* **Information**:
Segment Open

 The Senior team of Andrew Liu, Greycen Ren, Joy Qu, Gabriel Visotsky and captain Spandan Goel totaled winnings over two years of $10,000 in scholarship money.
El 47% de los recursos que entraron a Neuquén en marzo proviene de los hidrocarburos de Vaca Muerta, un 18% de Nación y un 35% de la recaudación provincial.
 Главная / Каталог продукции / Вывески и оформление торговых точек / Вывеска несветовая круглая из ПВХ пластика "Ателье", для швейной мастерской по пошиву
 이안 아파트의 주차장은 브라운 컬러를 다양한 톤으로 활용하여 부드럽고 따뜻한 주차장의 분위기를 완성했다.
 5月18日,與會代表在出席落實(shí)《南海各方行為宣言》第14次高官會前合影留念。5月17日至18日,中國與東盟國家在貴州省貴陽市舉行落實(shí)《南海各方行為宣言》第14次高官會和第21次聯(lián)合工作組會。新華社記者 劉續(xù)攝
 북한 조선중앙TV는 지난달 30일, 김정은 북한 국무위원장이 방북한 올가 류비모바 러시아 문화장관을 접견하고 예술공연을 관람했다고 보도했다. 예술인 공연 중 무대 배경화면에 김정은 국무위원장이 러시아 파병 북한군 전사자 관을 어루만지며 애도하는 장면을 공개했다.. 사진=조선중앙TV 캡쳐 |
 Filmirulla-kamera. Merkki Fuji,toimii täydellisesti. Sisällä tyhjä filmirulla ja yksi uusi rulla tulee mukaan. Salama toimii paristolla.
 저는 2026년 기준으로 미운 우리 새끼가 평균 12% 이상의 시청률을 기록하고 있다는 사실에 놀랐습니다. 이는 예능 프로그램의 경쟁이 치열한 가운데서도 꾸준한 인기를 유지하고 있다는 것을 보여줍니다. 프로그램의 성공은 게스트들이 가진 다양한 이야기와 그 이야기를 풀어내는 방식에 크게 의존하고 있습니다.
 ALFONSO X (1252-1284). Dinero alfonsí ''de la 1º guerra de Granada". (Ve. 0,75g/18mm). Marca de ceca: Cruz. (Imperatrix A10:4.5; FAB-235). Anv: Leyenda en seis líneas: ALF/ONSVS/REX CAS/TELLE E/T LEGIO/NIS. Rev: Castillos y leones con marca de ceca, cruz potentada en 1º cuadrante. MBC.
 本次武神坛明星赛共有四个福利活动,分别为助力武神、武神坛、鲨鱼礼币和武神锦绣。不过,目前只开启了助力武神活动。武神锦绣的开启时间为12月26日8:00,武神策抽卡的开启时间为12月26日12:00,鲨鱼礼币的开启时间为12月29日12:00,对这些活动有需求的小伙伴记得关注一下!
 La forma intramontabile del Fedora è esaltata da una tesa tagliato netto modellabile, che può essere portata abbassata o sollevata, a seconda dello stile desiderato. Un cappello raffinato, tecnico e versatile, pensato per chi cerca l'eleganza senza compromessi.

Segment Closed

* **What the task requires**:
Quote every line of the records above, from the first down to the one holding "El 47% de los", exactly as written.

* **Expected answer**:
 The Senior team of Andrew Liu, Greycen Ren, Joy Qu, Gabriel Visotsky and captain Spandan Goel totaled winnings over two years of $10,000 in scholarship money.
El 47% de los recursos que entraron a Neuquén en marzo proviene de los hidrocarburos de Vaca Muerta, un 18% de Nación y un 35% de la recaudación provincial.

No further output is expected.